Партконференция, как я и ожидал, прошла совершенно обычно, то есть с ощущением впустую потраченного времени. Заготовленные речи, отрепетированные жесты, вроде бы товарищеская критика, которая на самом деле никого не обманывала и воспринималась в виде начальственного разноса. Всё как обычно…
Свежую струю, правда, внёс новый начальник политотдела полковник Рахимов. Он обрушился с критикой на коммунистов, имеющих дачи. В его понимании военный, коммунист, не должен обрастать подобным имуществом, всяким подсобным хозяйством, словно колхозник. А политработники, по его словам, могли находиться только в трёх местах: на работе, в санчасти или на кладбище. То есть дом в его понятии, как месте пребывания политработника, исключался напрочь. Сидевшие в президиуме партийные чиновники из округа одобрительно кивали головами, будто мысли, озвученные Рахимовым, были их собственные, выпестованные во время напряженной работы, некоего мозгового штурма.
Я сидел рядом с Крутовым, который открыв блокнот, делал вид, что конспектирует выступление Рахимова. С другой стороны от меня сидел замполит автороты из Батайска, Вася Каминский. Он, насколько я заметил, тоже вполуха слушал партийные речи и отчаянно боролся со сном. Пришлось несколько раз толкнуть его в бок, чтобы привести в чувство.

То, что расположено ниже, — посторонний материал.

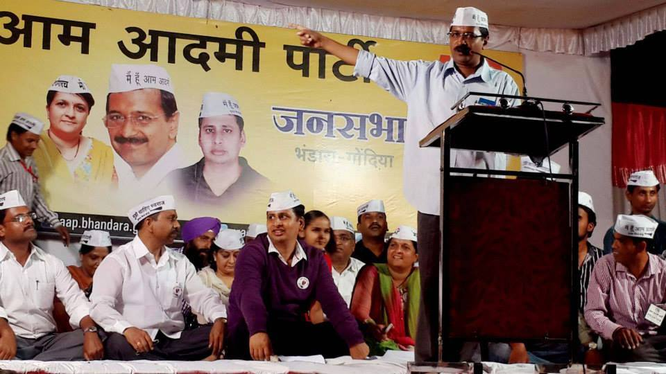 Prashant Mishra, Arvind Kejriwal, Aam Aadmi Party, Bhandara Gondia, Loksabha 2014, AAP, Anjali Damania

Между тем, я тоже с усилием слушал выступающих и вспоминал Волчатникова, наши долгие и умные разговоры с ним. Это была другая реальность, другой мир, который не пересекался с этим. Мне представилось, что некоторые из нас перемещаются в этих мирах, меняя маски на лицах, слова и жесты. К примеру, Рахимов. Сейчас он выглядит жестоким деспотом, а дома меняет маску и становится любящим мужем, заботливым отцом, совсем не спешащим в санчасть или на кладбище. Я представил его в спортивном костюме, домашних тапочках, выносящим мусор и улыбнулся.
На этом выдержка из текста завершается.